Great music and deep inspiration, can come at the most unexpected moments. At the most difficult times, and sometimes at the most contented ones, too.
In 2021 Robert Forster had a batch of songs written over a period of three years which he knew would be the basis of his next album. The songs felt strong, like they belonged together. They surprised him, too. They had different things to say, more openly personal about those closest to him.
He had the beginnings of one other song too, just music and a melody, no lyrics as yet. There was no rush to complete it, since he was also working on his first novel. It felt like the new songs could wait.
Life soon had other plans. In July of 2021, Robert’s wife and sometimes musical partner Karin Bäumler was diagnosed with ovarian cancer, and so began the intense emotional challenges of hospital, tests, chemotherapy, of hopes and fears.
As it had often been in their lives together for 32 years, music was like a rock, a place they could go.
“We started to strum songs at night to unwind after a big day, and Karin knew them because I had written them in the house,” Robert says. “When you are concentrating on a song the rest of life goes away, and music became a beautiful escape hatch for us.”
In July, Karin talked with Robert of the fight ahead. Soon after, with Karin resting in another room, Robert quietly played that new song he had set aside and whispered “She’s a fighter, fighting for good”. Those lines became the only lyrics needed for She’s A Fighter, the extraordinary opening track and first single from the new Robert Forster album, The Candle And The Flame.
“I have always written from life, about things that are close, but what Karin was going through felt too big to write about,” Robert says. “I thought if I did try to write about it the song would be 100 verses long. The only room I could see in this piece of music was for those two lines and that took me right down to the basics. I couldn’t have done it any other way.”
Life found a new rhythm. Karin and Robert’s son Louis came to the family home in Brisbane most days, joining the music sessions. Friends dropped in with meals and one of them was Adele Pickvance, bassist with Robert on the final three albums by The Go-Betweens. She would join the music-making too.
“We weren’t thinking of making a record. We decided to put our lounge room songs down on tape in a studio so that we would always have a recording of this thing we did.”
Time was precious. The songs were recorded quickly at Brisbane studio Alchemix, without headphones, without overdubs, everyone in a studio room together, eye to eye.
“Listening back to the day’s recordings, two of the songs in this raw form sounded complete to Karin and I. We wondered, could an album of songs be recorded in the same way?”
After a medical procedure in October that year, Karin continued recording when her health allowed, sometimes just a day or two in a month. The joy and respite the music gave them was priceless as Karin drove the album to completion, shortly after finishing her course of chemotherapy in March 2022.

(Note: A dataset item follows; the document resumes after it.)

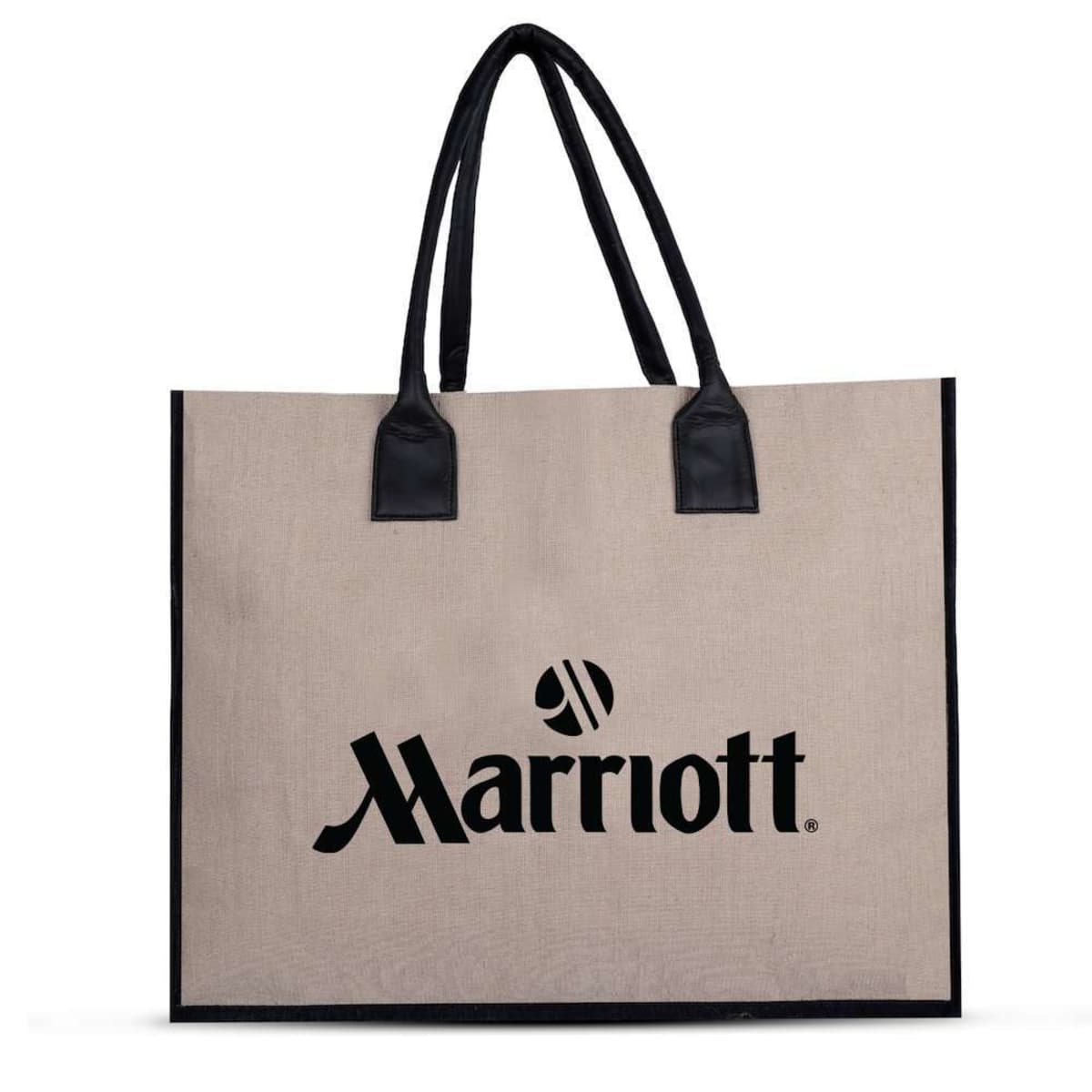 The Ramp Juco Bag is a structured, boutique-style tote made from a blend of 75% jute and 25% cotton, offering a balance of durability and refined design. Built with a spacious base gusset and internal lamination, it holds its shape while carrying everyday essentials. Finished with natural panels, a cotton lining, and faux leather handles, it delivers a more polished look than standard jute bags.

Some will hear songs on the new album with titles such as It’s Only Poison (“The body is a temple/The mind is a box/Your heart is like a river that no one can stop”) and Always (“Time moves in one direction/And there’s been a breakdown at the intersection out on Highway 5”) and conclude these must have been written after Karin’s diagnosis. They weren’t.
Nor was Tender Years, one of the greatest love songs Robert has written in a career that now stretches across nine studio albums with The Go-Betweens and seven solo albums of original material.
The Roads is set in the countryside of Bavaria, Germany, where Karin and Robert met and lived for many years. Go Free is a song from lockdown, as is There’s A Reason To Live, inspired by the discovery of an old concert ticket in a jacket pocket. All three are saying, better times can be up ahead.
I Don’t Do Drugs I Do Time is a clear-eyed observation from a mature perspective (“I remember when we first met/Where you sat and what you said”), as is the album’s closing statement, When I Was a Young Man.
Robert says: “That was triggered by a show on Radio National where guests were asked, ‘What’s the most important year of your life?’ For me that was when I was 21, moved out of home, The Go-Betweens began, I started to write good songs.”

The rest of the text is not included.